Trump unleashed a tirade of strong comments against NFL players who don’t stand during the playing of “The Star Spangled Banner.”

Kneeling during the national anthem in protest over perceived social injustices against African-Americans began last year.

A handful of white players didn’t stand Sunday, but the vast majority of those actively protesting were black, The Associated Press reports.

Trump’s take: It’s unpatriotic and NFL team owners should fire those refusing to stand.

Trump’s comments festered over the weekend and by the various game times on Sunday, roughly 200 players sat, knelt or raised their fists in defiance during the anthem.

Most of the players locked arms with their teammates — some coaches and team owners also joined in.

Other teams, such as the Pittsburgh Steelers, stayed off the field until the anthem was finished. One Steeler, Army veteran Alejandro Villanueva, ventured out of the tunnel and placed his hand over his heart during the singing of the anthem.

A week ago, less then 10 players protested.

Great solidarity for our National Anthem and for our Country. Standing with locked arms is good, kneeling is not acceptable. Bad ratings!

— Donald J. Trump (@realDonaldTrump) September 24, 2017

The last NFL game of the day, Washington hosted Oakland, was played in Landover, Md. — not far from the White House.

Most of Oakland’s team sat on their bench during the anthem while most of Washington’s team stood arm-in-arm along with owner Dan Snyder and president Bruce Allen.
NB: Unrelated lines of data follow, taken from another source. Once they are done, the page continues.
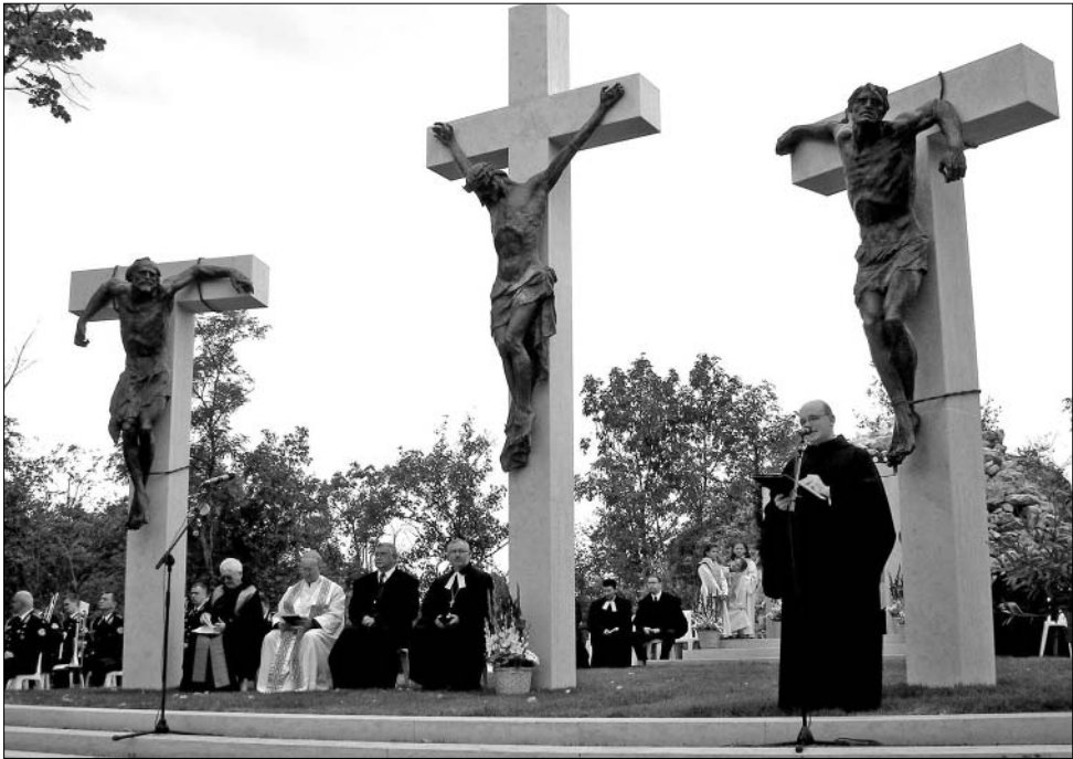
Az újjáépített IV. Károly Kálvária felszentelési ünnepe

kálvária lerombolásáról emlékező naplóját Alberik atya. 12 („ Sokatmondó ” epilógus: a kálvária helyén felszabadulási emlékmű nem épült, még csak tervek sem készültek e célra.)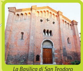
La Basilica di San Teodoro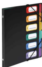
un trieur avec 6 parties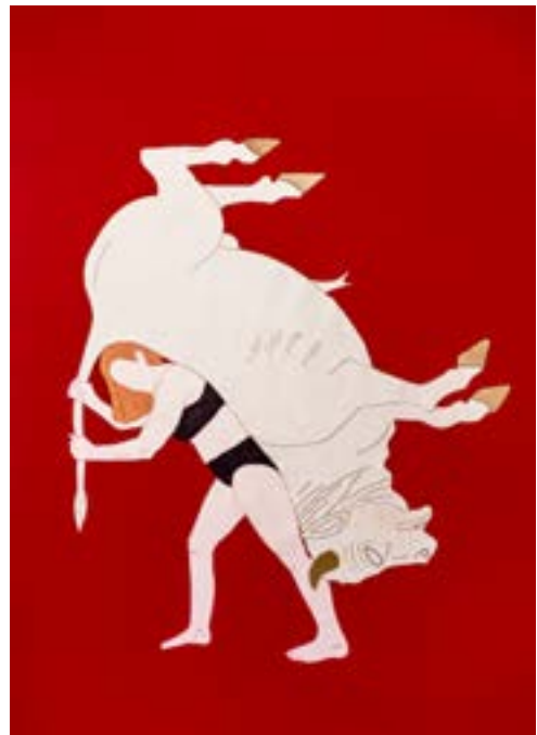
Hannah Cooke, Red Flag: Den Stier bei den Hörnern packen , 2023 © Hannah Cooke & VG Bild-Kunst, Bonn 2023

Trump tweeted earlier on Sunday: “Standing with locked arms is good, kneeling is not acceptable. Bad ratings!”

The Associated Press reports that among the strongest criticisms of the president was from New Orleans Saints coach Sean Payton:

“I’m disappointed in the comments that were made. I think we need a little bit more wisdom in that office,” he said of the White House. “I want that guy to be one of the smarter guys in the room and it seems like every time he’s opening up his mouth it’s something that is dividing our country and not pulling us together.’ “

Kneeling during the national anthem began as a protest more than a year ago when former San Francisco 49ers quarterback Colin Kaepernick refused to stand during the song as a protest of police treatment of minorities.

This season, no team has signed him, and some supporters believe NFL owners are avoiding him because of the controversy.

Trump’s comments may have helped to publicize a cause that not all NFL fans were aware of.